Sean M. Brooks said...

Kaor, Paul!

God is infinitely perfect and infinitely happy and needs nothing. And I prefer Dante's explanation in the DIVINE COMEDY of why God created living, conscious beings: out of LOVE for His creation and a desire to see other beings, however lesser than Him, declare "I am" before Him.

I remember the verbal description of constant width polygons given in "The Three Cornered Wheel, and I think I understood it. But I agree including some diagrams illustrating how such a thing could work is a good idea.

Sean

Paul Shackley said...

Sean,
I agree that, with Christian belief as a premise, love, not any kind of necessity, would be the reason for creation.
Paul.

Sean M. Brooks said...

Kaor, Paul!

And I also think it makes more logical sense as well. For God to create "compelled" by necessity would mean He is not truly God.

Sean

Jim Baerg said...

"I do not understand the description of the wheelless wagon at the end of the story but why was Falkayn able to think of the constant-width polygon when the Engineer was unable to?"

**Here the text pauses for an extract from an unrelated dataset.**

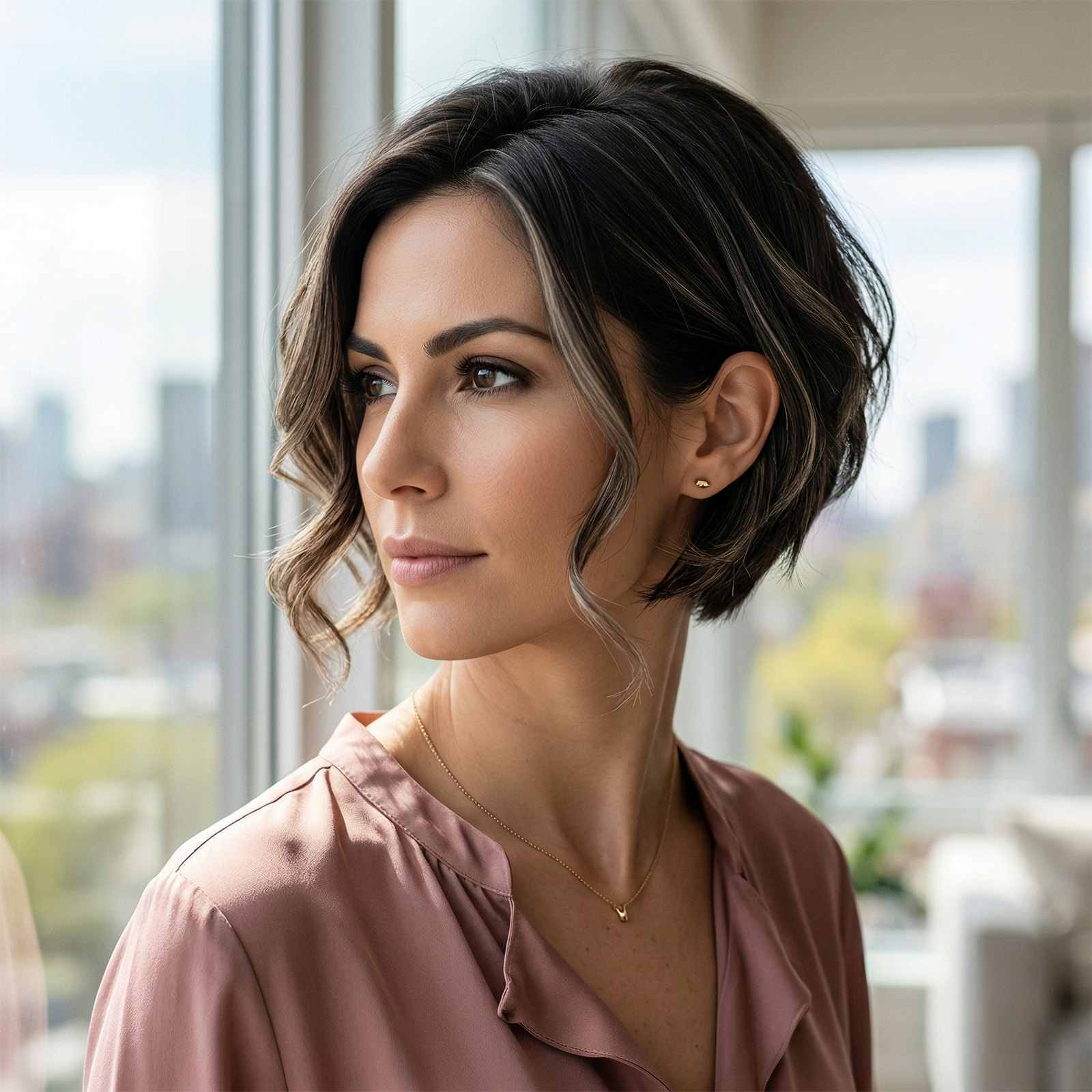 Ovaj stil predstavlja savršen spoj oštrih linija šišanja i mekoće koju donose uvojci. Kosa je pozadi kraća i geometrijski precizno oblikovana, ali su prednji dijelovi ostavljeni dugi i stilizovani u krupne, opuštene lokne. Rezultat je nježna i elegantna frizura koja odaje utisak žene koja vodi računa o svakom detalju svog izgleda.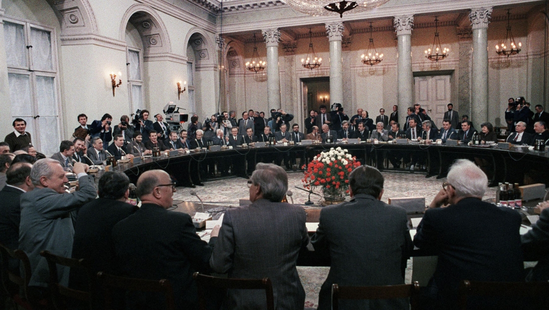«هیچکس نمیدانست که نتیجهی بحثهای میزگرد میان حکومت و اپوزیسیون چه خواهد بود.» مذاکرات میان دولت کمونیستِ لهستان و مخالفان در ورشو، فوریهی 1989. عکس: اِیافپی/گِتی ایمِجِز

The 'wagon' was a flat bed resting on a series of rollers each with a cross section shaped as a Reuleaux triangle.
This video come close to the idea:
https://www.youtube.com/watch?v=jk0VpdH_S3Q
but in the story there was a mechanism to take a roller from the back of the wagon to the front so the flat bed wouldn't fall off the front.
Also in the story one of the other humans on Ivanhoe suggests that David Falkayn thought of it because he had run across the concept more recently in school.

Jim Baerg said...

BTW the story is mentioned in the Wikipedia article on Reuleaux triangles

Sean M. Brooks said...

Kaor, Jim!

Years ago, somewhere in the Internet, I came across an article discussing this Anderson story, with diagrams illustrating this use of constant-width polygons. They helped in making sense of Reuleaux triangles.

A COMPLETE COLLECTED WORKS OF POUL ANDERSON should include similar diagrams as an appendix to "The Three-Cornered Wheel."